▸ **Task statement**
Repeat the listing verbatim. Drop any pictures.

BEGIN

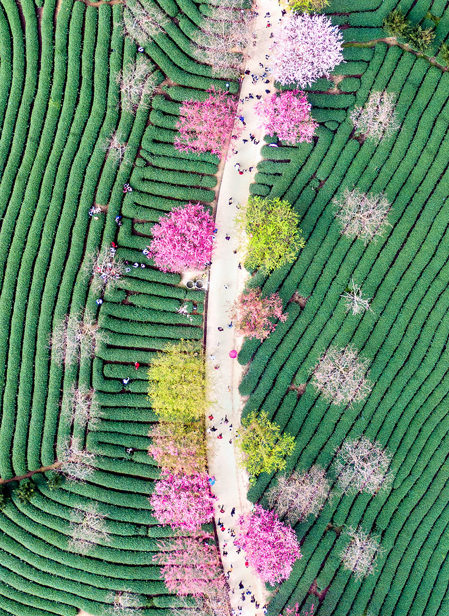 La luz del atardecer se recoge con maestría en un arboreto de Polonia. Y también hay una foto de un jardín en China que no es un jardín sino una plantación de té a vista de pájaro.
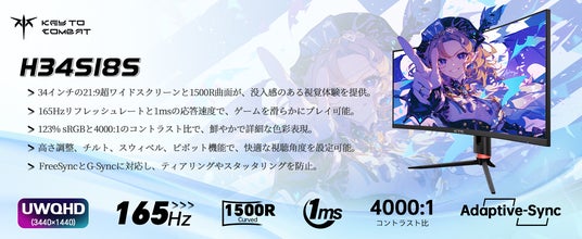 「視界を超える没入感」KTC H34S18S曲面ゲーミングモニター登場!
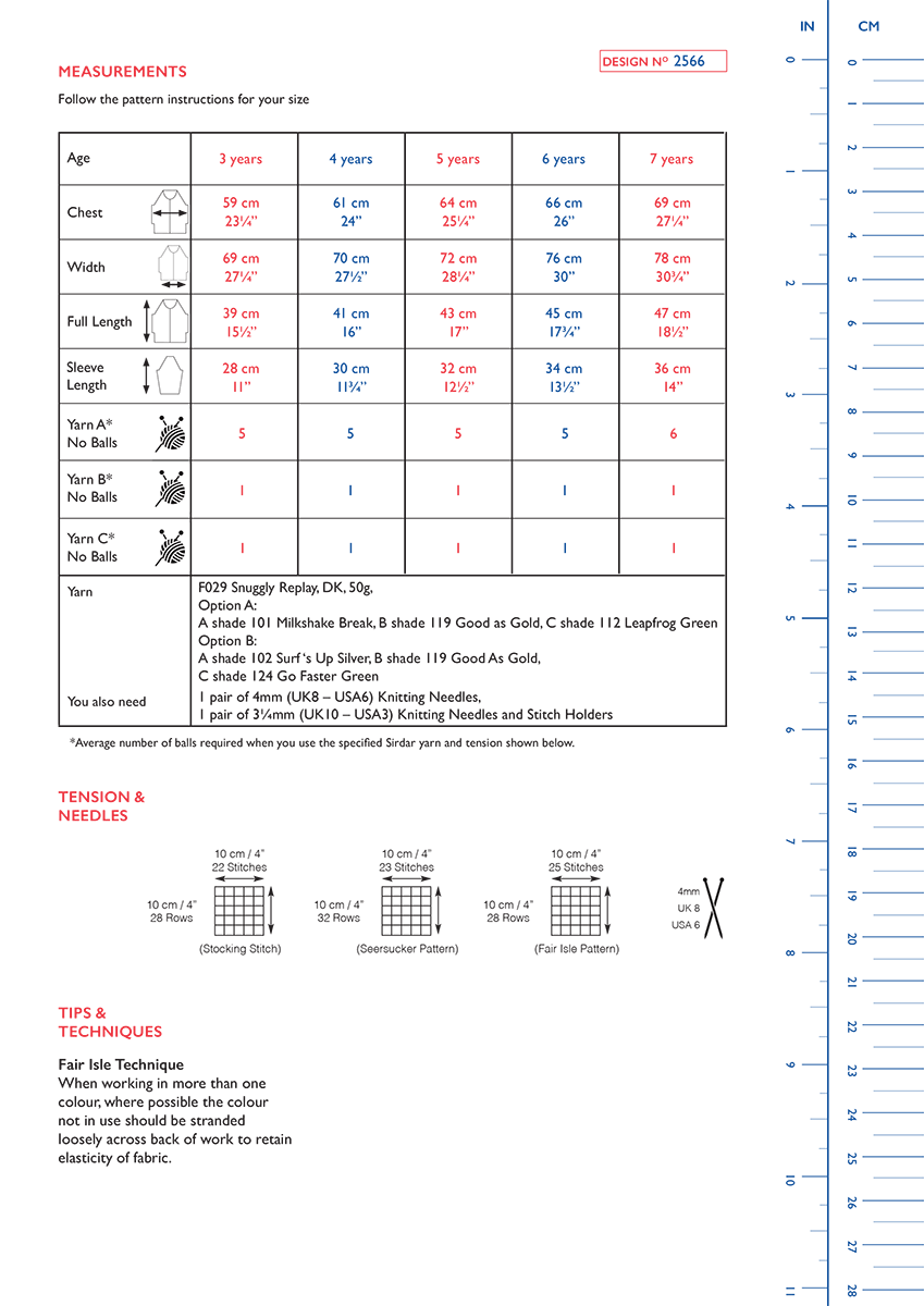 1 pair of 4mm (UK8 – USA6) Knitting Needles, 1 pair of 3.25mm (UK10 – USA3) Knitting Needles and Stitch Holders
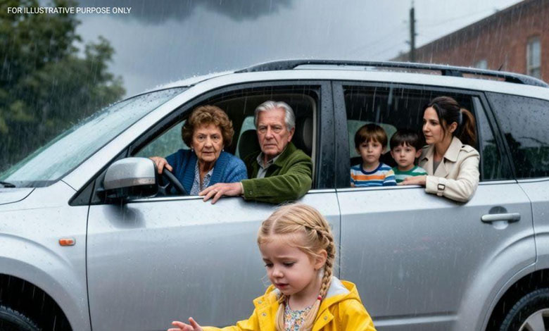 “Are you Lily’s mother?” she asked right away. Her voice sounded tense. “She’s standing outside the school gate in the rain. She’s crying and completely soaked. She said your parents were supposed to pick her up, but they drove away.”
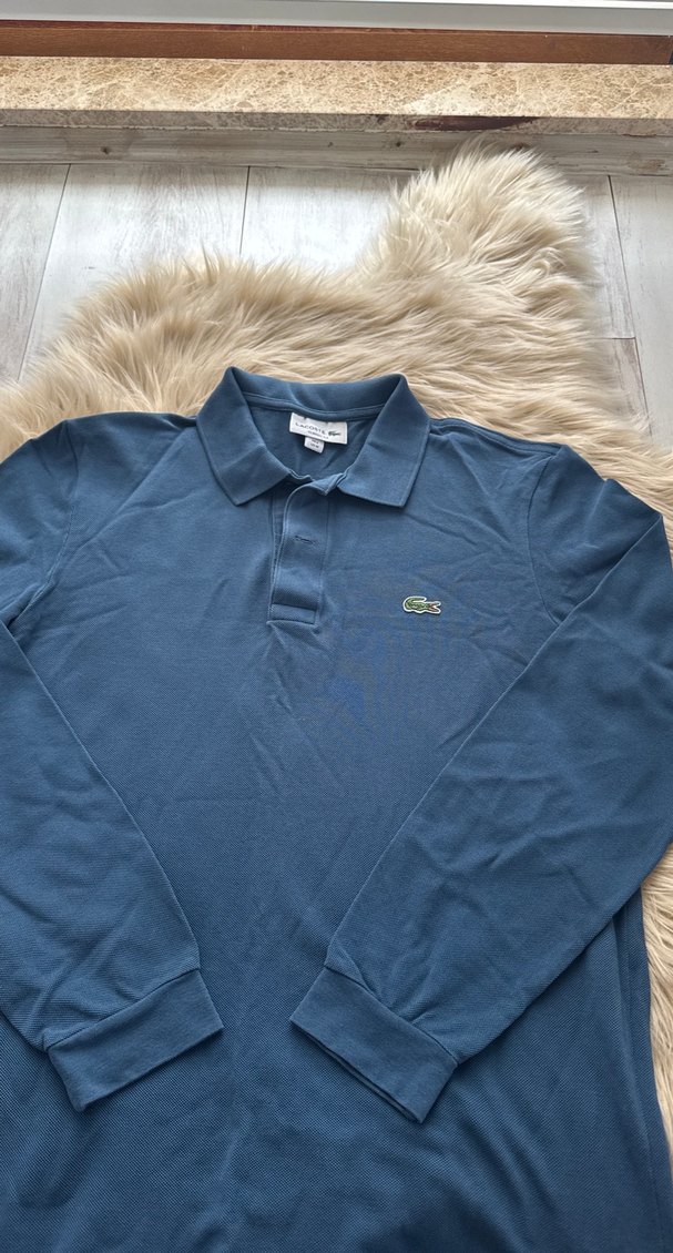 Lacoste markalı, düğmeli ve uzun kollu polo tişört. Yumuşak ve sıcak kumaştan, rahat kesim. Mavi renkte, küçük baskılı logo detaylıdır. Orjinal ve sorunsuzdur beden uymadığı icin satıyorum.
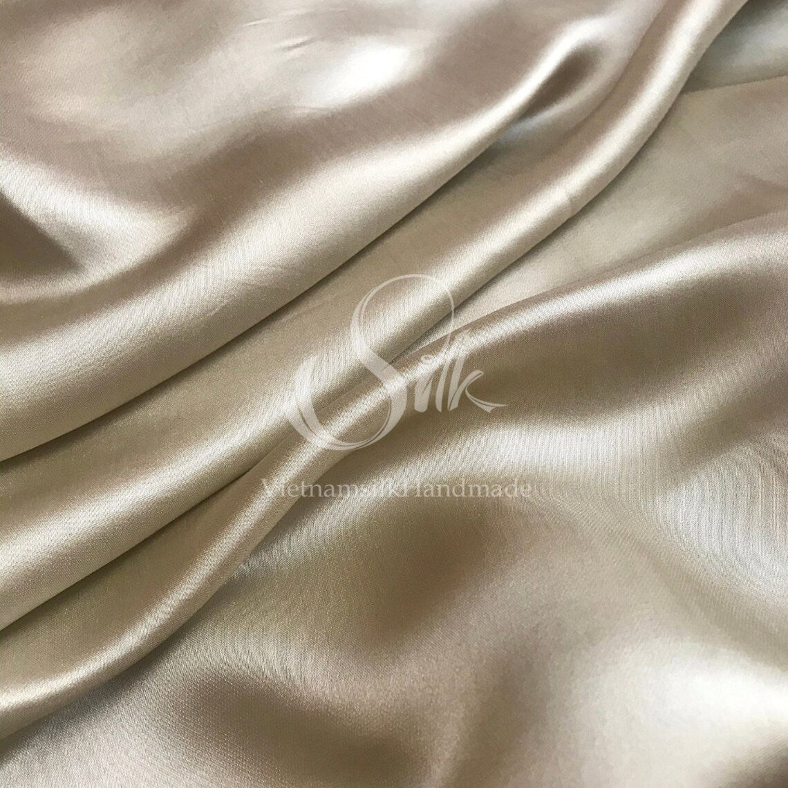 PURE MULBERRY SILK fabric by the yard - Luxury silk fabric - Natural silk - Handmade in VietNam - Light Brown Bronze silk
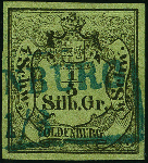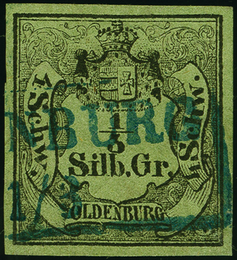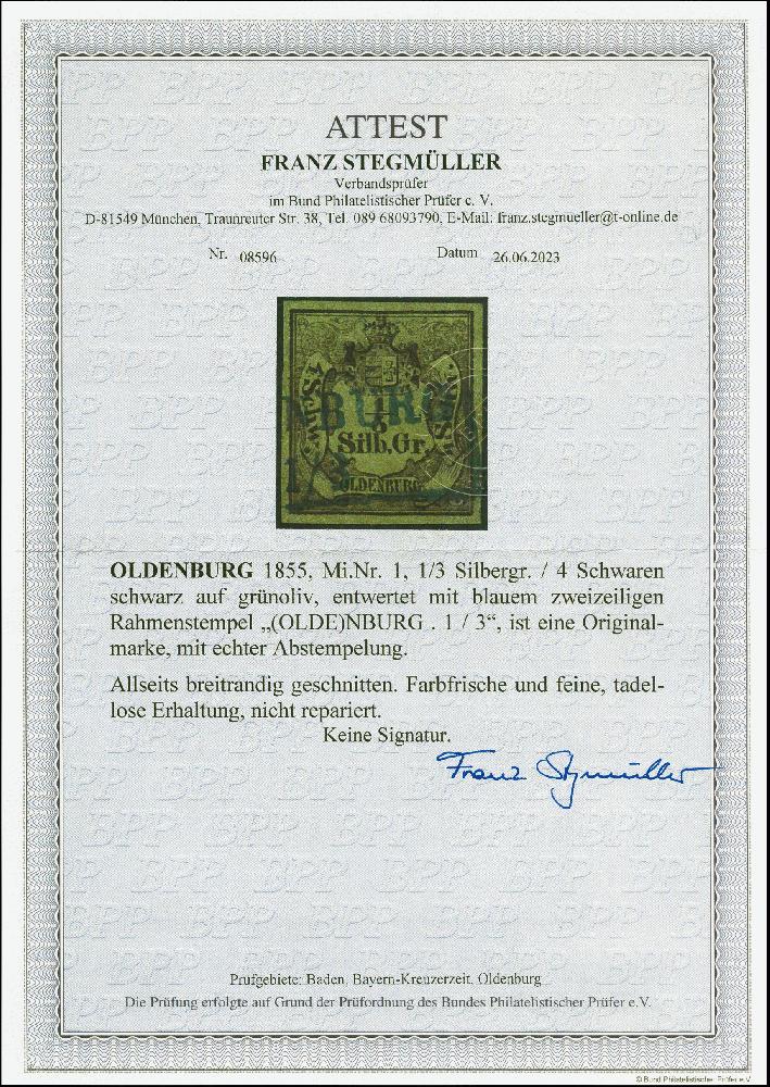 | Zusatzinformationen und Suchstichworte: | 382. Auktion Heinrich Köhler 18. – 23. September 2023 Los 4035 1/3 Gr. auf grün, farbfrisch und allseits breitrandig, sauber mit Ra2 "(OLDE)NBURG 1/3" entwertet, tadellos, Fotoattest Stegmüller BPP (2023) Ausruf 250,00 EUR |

END

▸ **Result of this task**
 La luz del atardecer se recoge con maestría en un arboreto de Polonia. Y también hay una foto de un jardín en China que no es un jardín sino una plantación de té a vista de pájaro.
 「視界を超える没入感」KTC H34S18S曲面ゲーミングモニター登場!
 1 pair of 4mm (UK8 – USA6) Knitting Needles, 1 pair of 3.25mm (UK10 – USA3) Knitting Needles and Stitch Holders
 “Are you Lily’s mother?” she asked right away. Her voice sounded tense. “She’s standing outside the school gate in the rain. She’s crying and completely soaked. She said your parents were supposed to pick her up, but they drove away.”
 Lacoste markalı, düğmeli ve uzun kollu polo tişört. Yumuşak ve sıcak kumaştan, rahat kesim. Mavi renkte, küçük baskılı logo detaylıdır. Orjinal ve sorunsuzdur beden uymadığı icin satıyorum.
 PURE MULBERRY SILK fabric by the yard - Luxury silk fabric - Natural silk - Handmade in VietNam - Light Brown Bronze silk
 | Zusatzinformationen und Suchstichworte: | 382. Auktion Heinrich Köhler 18. – 23. September 2023 Los 4035 1/3 Gr. auf grün, farbfrisch und allseits breitrandig, sauber mit Ra2 "(OLDE)NBURG 1/3" entwertet, tadellos, Fotoattest Stegmüller BPP (2023) Ausruf 250,00 EUR |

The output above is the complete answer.